Nuthog, Badlo, and Sara were still in dragon-mode, and Jinn quickly dragonized herself as well. “With four fast dragons at your service, you should be able to reach the Fire Temple quickly enough,” Nuthog said. “Particularly if those four fast dragons happen to know where on the summit the Temple actually is.”
“To know approximately,” said Badlo rather more modestly.
“We think, anyway,” said Sara, and that didn’t sound convincing at all.
“At any rate,” added Jinn more helpfully, “before we get going, it would probably be a good idea if you punched … that.”
That was a silver knob embedded in the stone wall of the South Face. “It looks like a saving point,” Luka said, “but why is it silver, not gold?”

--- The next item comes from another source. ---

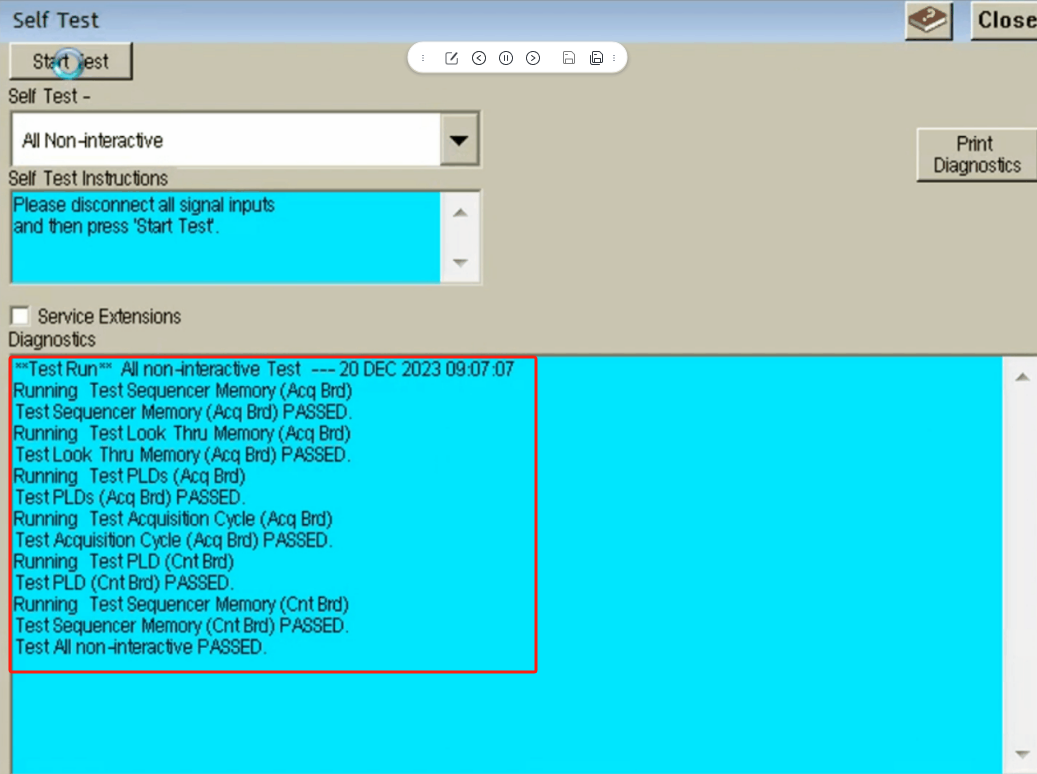 2.選擇ALL Non-interactive,看到各項目顯示PASSED,說明儀器基礎(chǔ)功能無問題。

“The gold button is in the Temple,” said Nuthog. “But at least you can save the progress you’ve made so far. And be careful. From now on, every mistake you make could cost you a hundred lives.”
/> That was alarming, Luka thought as he punched the silver button. It left almost no room for mistakes. Four hundred and sixty-five lives allowed him four slipups, maximum. Besides, while Nuthog’s offer of flying him up to his goal was certainly generous, and practical, too, Luka clearly remembered his father’s words about the Mountain of Knowledge: “If you want to reach the summit of the Mountain and discover the Fire of Life, you must make the final ascent alone. The Heights of Knowledge are reached only if you earn the right to do so. You have to put in the hard work. You can’t cheat your way to the Top.” He had said something else after that, and Luka remembered thinking that that last bit was the really important part, but he couldn’t call it to mind. “That’s the trouble,” he thought, “with being told all this stuff at night, when you’re always dead tired and falling asleep.”
“Thank you very much,” said Luka to Nuthog, “but I think I’m supposed to solve this riddle and get there by myself. To fly up on your back … well, it just wouldn’t be right.”
For some reason that idea, not right, stuck in his head. The words kept replaying, again and again, as if his thoughts had become stuck like a scratched record, or caught in some sort of loop. Not right. Not right. What was a thing if it was not right? Well, yes, wrong, that was what most people would say, but it could also be …
“Left,” he said aloud. “That’s the answer. I went right, and fell into the World of Magic. Now maybe if I somehow go left, I’ll find my way through it.”
Luka remembered his big brother, Haroun’s, many teasing warnings, back home in Kahani, which felt, just at that moment, very far away indeed. Just be careful not to go down the Left-Hand Path. That’s what Haroun had said. “But I don’t like to be teased,” Luka reminded himself, “and so maybe I should do the opposite of what he said. Yes! Just this once, I’m not going to listen to my brother’s advice, because Right-thinking people can never really understand what it is to be on the Left, and that hidden Path is exactly the Path that will get me where I need to go.”